■ Requirement ■
Write out the entries verbatim and leave the images out of the copy.

___ Material shown ___

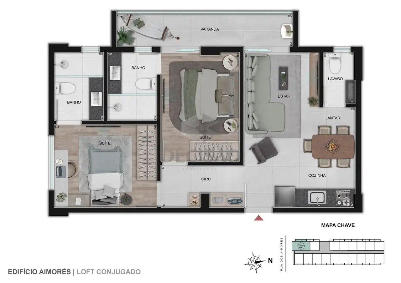 OBS: Possibilidade de unificação de 02 unidades vizinhas (transformando-os em um apartamento com 02 quartos)
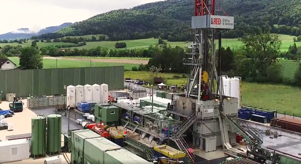 İsviçre'deki Haute-Sorne jeotermal projesindeki sondaj sahası (kaynak: Video ekran görüntüsü, RED Drilling & Services)
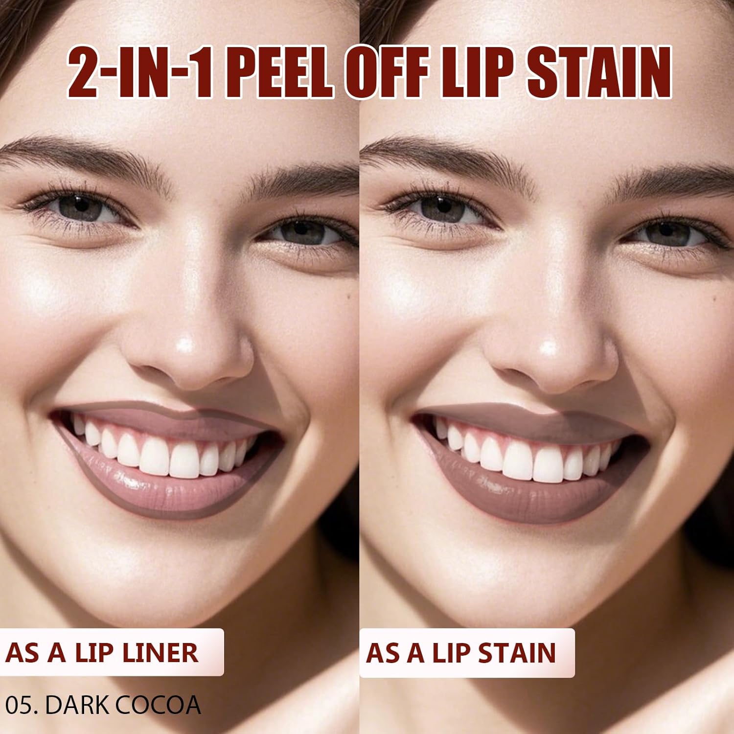 Lip Liner Stain Peel Off with Tweezer, Long Lasting Matte Lip Tattoo, Highly Pigmented Color Lip Makeup, Waterproof, Transfer-proof Lipstain for Women, for All Skin Types 05
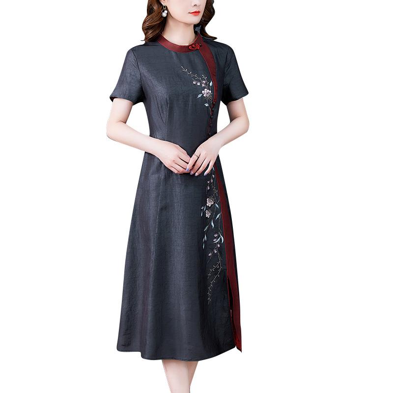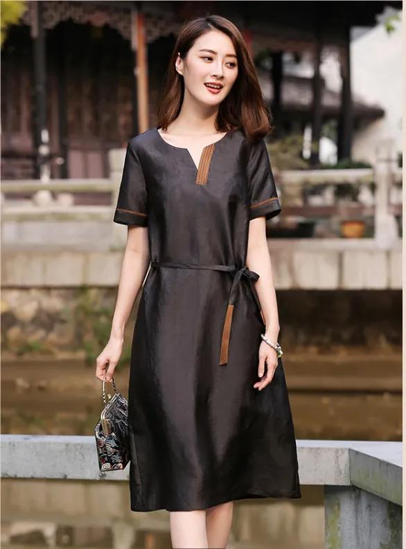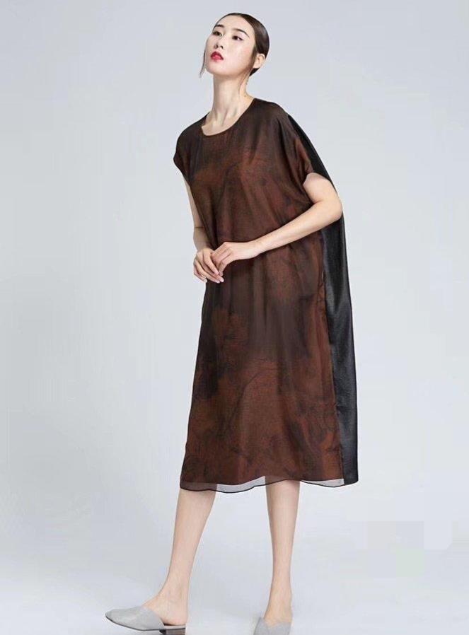 香云纱连衣裙,大多是极简设计,有点禅意宽松款式,很少见到紧身款式,原因是因为真丝这种面料,由于是蚕丝制作,生来就比较金贵,如果过紧拉伸,会造成扒缝,所以香云纱的宽松款式,很适合炎热的夏天穿搭
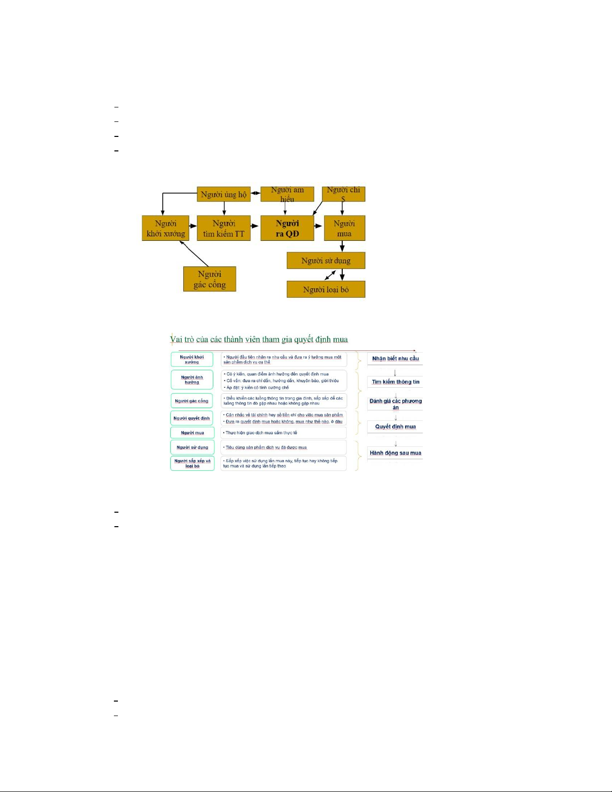 5 bước trong quá trình mua hàng của người tiêu dùng: • Nhận thức nhu cầu lOMoAR cPSD| 61207676 • Tìm kiếm thông tin • Đánh giá lựa chọn • Mua hàng • Đánh giá sau mua -
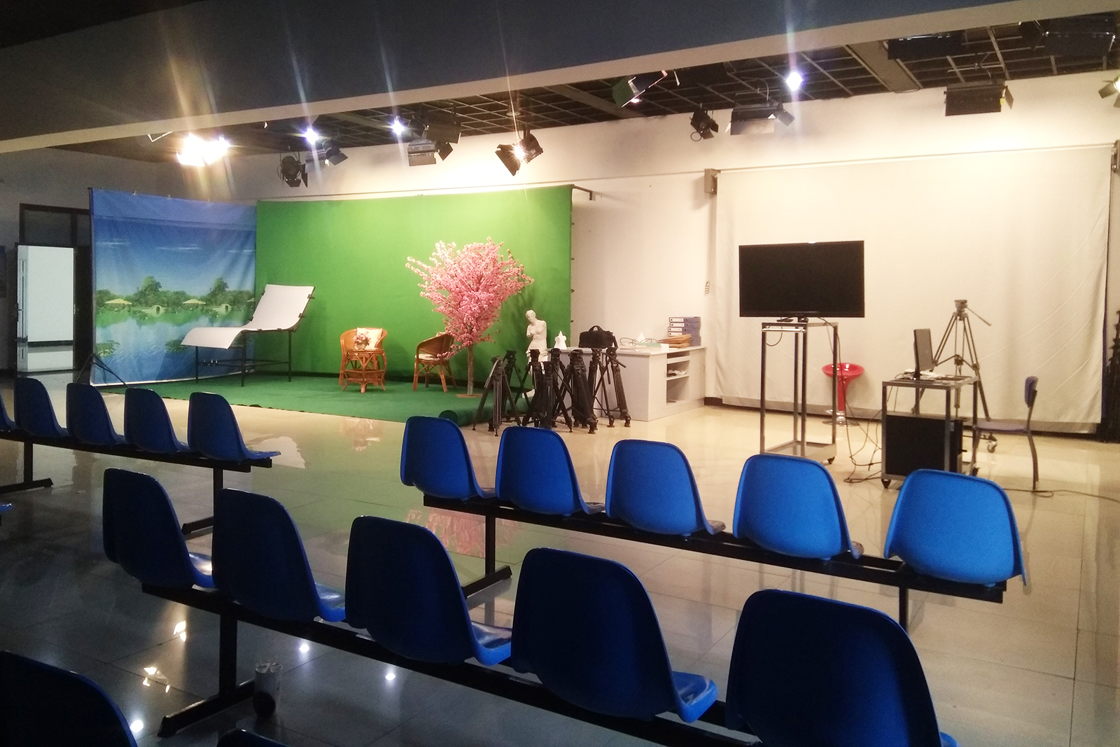 该实验室主要培养员工电视抠像、电视节目策划与制作、广播电视新闻采访与制作能力。拥有高清摄像机、虚拟演播系统、灯光系统、音响系统、抠像蓝屏等成套专业设备。主要承担《电视专题与电视栏目》《广播电视新闻采访写作》等专业课程。该实验室占地119.8平米,设备总值196.07万。
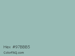 Hex #97bbb5 Color is a light cyan color and the nearest color is Shadow Green #9ac2b8. Hex code #97bbb5 and RGB value is rgb(151,187,181). In RGB color space, this color is composed of 59% red, 73% green, 71% blue, In CMYK color space, this color is composed of 19% cyan, 0% magenta, 3% yellow , 27% black , In HSL color space, this color has a hue angle of 170° , 21% saturation and 66% lightness.
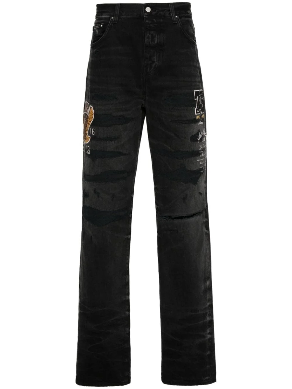 Varsity straigh-leg jeans AMIRI's black Varsity jeans take their name from the collegiate-inspired appliques at the leg that nod to the brand’s Americana roots. They’re cut from rigid denim to a straight-leg profile then shredded and faded for a well-worn finish. Highlights - Black - Denim - Faded effect - Ripped detailing - Mid-rise - Belt loops - Embroidered slogan - Patch detail - Classic five pockets - Logo patch to the rear - Raw-cut edge - Straight leg - Button fly fastening Made in United States Composition Cotton 100% SIZE & FIT Model measurements Height 6 ft 1 in(1.86 m) Bust/Chest 37.4 in(95 cm) Hips 36.22 in(92 cm) Waist 29.52 in(75 cm) FittingInformation Designed with a straight leg, these jeans allow for an unrestricted and comfortable fit over the leg Sturdy and hard-wearing, this denim piece offers no stretch This piece fits true to size – take your usual size Washing instructions Dry Clean Only

___

■ Answer space ■
 OBS: Possibilidade de unificação de 02 unidades vizinhas (transformando-os em um apartamento com 02 quartos)
 İsviçre'deki Haute-Sorne jeotermal projesindeki sondaj sahası (kaynak: Video ekran görüntüsü, RED Drilling & Services)
 Lip Liner Stain Peel Off with Tweezer, Long Lasting Matte Lip Tattoo, Highly Pigmented Color Lip Makeup, Waterproof, Transfer-proof Lipstain for Women, for All Skin Types 05
 香云纱连衣裙,大多是极简设计,有点禅意宽松款式,很少见到紧身款式,原因是因为真丝这种面料,由于是蚕丝制作,生来就比较金贵,如果过紧拉伸,会造成扒缝,所以香云纱的宽松款式,很适合炎热的夏天穿搭
 5 bước trong quá trình mua hàng của người tiêu dùng: • Nhận thức nhu cầu lOMoAR cPSD| 61207676 • Tìm kiếm thông tin • Đánh giá lựa chọn • Mua hàng • Đánh giá sau mua -
 该实验室主要培养员工电视抠像、电视节目策划与制作、广播电视新闻采访与制作能力。拥有高清摄像机、虚拟演播系统、灯光系统、音响系统、抠像蓝屏等成套专业设备。主要承担《电视专题与电视栏目》《广播电视新闻采访写作》等专业课程。该实验室占地119.8平米,设备总值196.07万。
 Hex #97bbb5 Color is a light cyan color and the nearest color is Shadow Green #9ac2b8. Hex code #97bbb5 and RGB value is rgb(151,187,181). In RGB color space, this color is composed of 59% red, 73% green, 71% blue, In CMYK color space, this color is composed of 19% cyan, 0% magenta, 3% yellow , 27% black , In HSL color space, this color has a hue angle of 170° , 21% saturation and 66% lightness.
 Varsity straigh-leg jeans AMIRI's black Varsity jeans take their name from the collegiate-inspired appliques at the leg that nod to the brand’s Americana roots. They’re cut from rigid denim to a straight-leg profile then shredded and faded for a well-worn finish. Highlights - Black - Denim - Faded effect - Ripped detailing - Mid-rise - Belt loops - Embroidered slogan - Patch detail - Classic five pockets - Logo patch to the rear - Raw-cut edge - Straight leg - Button fly fastening Made in United States Composition Cotton 100% SIZE & FIT Model measurements Height 6 ft 1 in(1.86 m) Bust/Chest 37.4 in(95 cm) Hips 36.22 in(92 cm) Waist 29.52 in(75 cm) FittingInformation Designed with a straight leg, these jeans allow for an unrestricted and comfortable fit over the leg Sturdy and hard-wearing, this denim piece offers no stretch This piece fits true to size – take your usual size Washing instructions Dry Clean Only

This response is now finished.